Study finds diabetes is associated with a 25% reduction in concentration of tenofovir in blood spot samples, but what are the causes and consequences?

Diabetes is associated with a 25% reduction in concentrations of the key anti-HIV drug tenofovir, investigators from the United States reported in the online edition of the Journal of Acquired Immune Deficiency Syndromes. Dr Sarah Mann and her co-investigators at the University of Colorado examined tenofovir diphosphate concentrations in dried blood spots obtained from 523 people living with HIV. After taking into account a range of factors that can affect levels of anti-HIV drugs in the blood, such as adherence, they found that tenofovir concentrations were reduced by a quarter in people with diabetes mellitus compared to those without diabetes.

While suggesting that the difference may be because of how diabetes affects the way the body processes medicines, the researchers called for further studies to explain these findings.
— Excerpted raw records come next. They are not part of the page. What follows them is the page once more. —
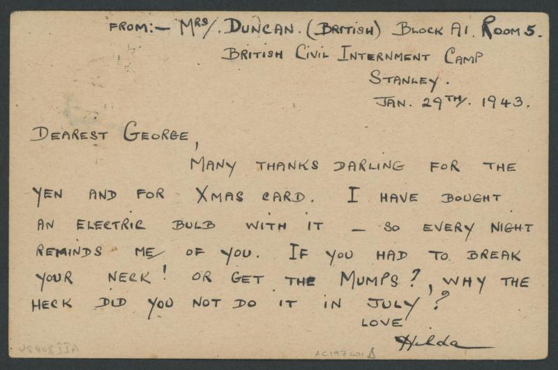 1944 (circa) Japanese Occupation Stanley Civilian Internment Camp Australian Red Cross POW envelope with Thick Obliterating Bar at
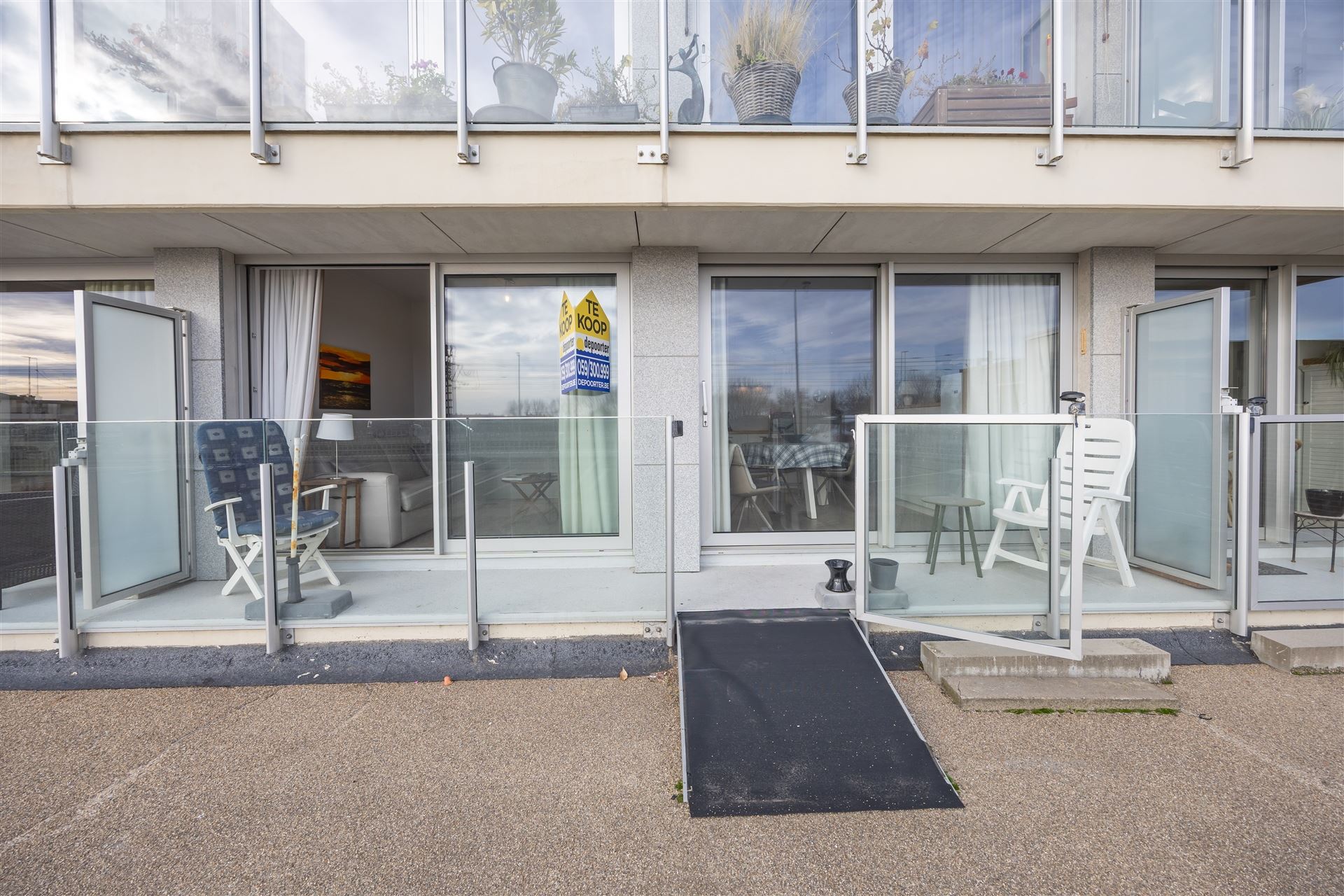 Zuidgerichte studio met een zonnig terras, open keuken, ruime zitruimte, berging en badkamer met douche. Er is tevens een grote kelderberging voor extra opbergruimte.
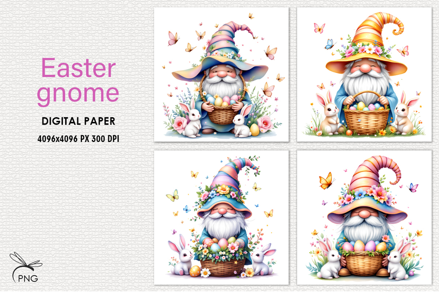 Easter gnomes digital paper, background clipart
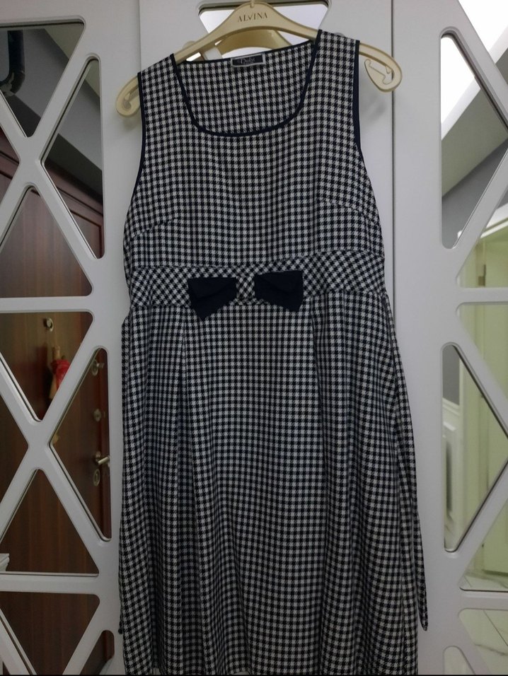 Kareli desende, pileli etekli ve fiyonk detaylı, kolsuz midi hamile elbisesi. Rahat kesimli ve yuvarlak yakalı, yumuşak sentetik kumaştan üretilmiştir.
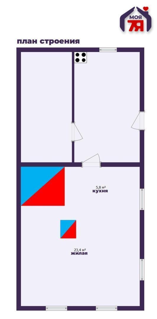 - Общая площадь дома составляет 47,2 м2, в доме имеется одна жилая комната 23,4 м2, кладовая и вместительная веранда.

It is important to see if diabetes-related falls in antiretroviral drug levels increase the risk of higher viral loads, drug resistance and treatment failure.

“These findings reflect the need to expand our understanding of the biological, behavioral, and social characteristics that are associated with drug exposure in people living with HIV and at risk of HIV acquisition,” commented Dr Mann and her colleagues.

Dr Mann wanted to see if the presence of three potentially serious non-HIV-related conditions – diabetes mellitus, high blood pressure (hypertension) and increased blood lipids (hyperlipidaemia) – affected tenofovir concentrations in dried blood spots.

Measuring antiretroviral concentrations in dried blood spots is a good way of predicting outcomes such as viral suppression and resistance in people taking antiretrovirals.

Their study population consisted of 523 people living with HIV and taking a regimen that contains tenofovir disoproxil fumarate (TDF). These individuals received care between 2014 and 2017 and were followed for 48 weeks. Dried blood spots were obtained on three occasions during this period. At the same time, participants were asked to provide information on their adherence to their HIV treatment combination.

Forty one per cent of patients had at least one co-morbidity. The most common were hypertension (30%) and hyperlipidaemia (28%), followed by diabetes (6%). A total of 19 people (4%) had all three co-morbidities. Of the individuals with diabetes, 58% also had hypertension and hyperlipidaemia and only 18% had diabetes alone. Data was not collected about cardiovascular, kidney and liver disease, nor the severity of diabetes.

The average age was 45 years. Most of the participants (86%) were male, 58% were White, average CD4 cell count was 592 and the majority (88%) had a viral load below 200. Although 49% overall were taking a 'booster' drug, the figure increased to 64% for people with diabetes.

Initial analysis showed no overall association between co-morbidities and tenofovir dried blood spot concentrations.

However, when Dr Mann and her co-investigators performed a second analysis looking at drug concentrations according to specific illnesses, they found that people with diabetes had a statistically significant 25% reduction in tenofovir dried blood concentrations compared to participants without diabetes. Importantly, the researchers adjusted their results to take into account factors that can affect antiretroviral drug levels, such as age, body weight, gender, race, kidney function, anti-HIV drug classes and self-reported adherence.

Even when the investigators took viral load into account, they found that drug concentrations were 21% lower among people with diabetes compared to those without (p = 0.003). Further adjustment for the presence of hypertension and hyperlipidaemia also showed a 25% (p < 0.001) reduction in tenofovir concentrations among those with diabetes.

When the authors restricted their analysis to individuals with a viral load below 20, they found that the presence of diabetes was associated with a 12% reduction in tenofovir dried blood spot concentrations, a reduction that was still statistically significant compared to people without diabetes (p = 0.047). Finally, the presence of diabetes remained associated with a 24% (p < 0.001) reduction when Dr Mann and her colleagues took into account the use of an antiretroviral booster.

Nonetheless, the rates of viral suppression were similar in people with or without diabetes.

It is already known that diabetes can alter the way the body processes some drugs. Reductions have been observed for some antibiotics and anti-tuberculosis therapies. Reasons for this include reduced drug absorption in the gut and alterations in the way the body distributes drugs around the body. Plasma proteins and enzyme levels, both important in drug processing and absorption, can also be adversely affected by diabetes. Impaired liver function and chronic inflammation could also have a role.

An alternative explanation for the findings could be a reduction in red blood cell half life, associated with diabetes, which by itself could explain the variations in tenofovir concentrations seen in the study.

“These potential explanatory mechanisms reflect the need for further in vitro [laboratory] and in vivo [human] research to elucidate the complexity of tenofovir absorption, cell loading and pharmacokinetics in patients with diabetes mellitus and other non-AIDS comorbidities,” wrote the authors.

Dr Mann and her colleagues also expressed concern about the potential clinical implications of lower antiretroviral drug concentrations related to diabetes.

“Future studies should consider if dose modifications of tenofovir (and potentially other drugs) might be necessary in people living with HIV and diabetes, or other comorbidities”.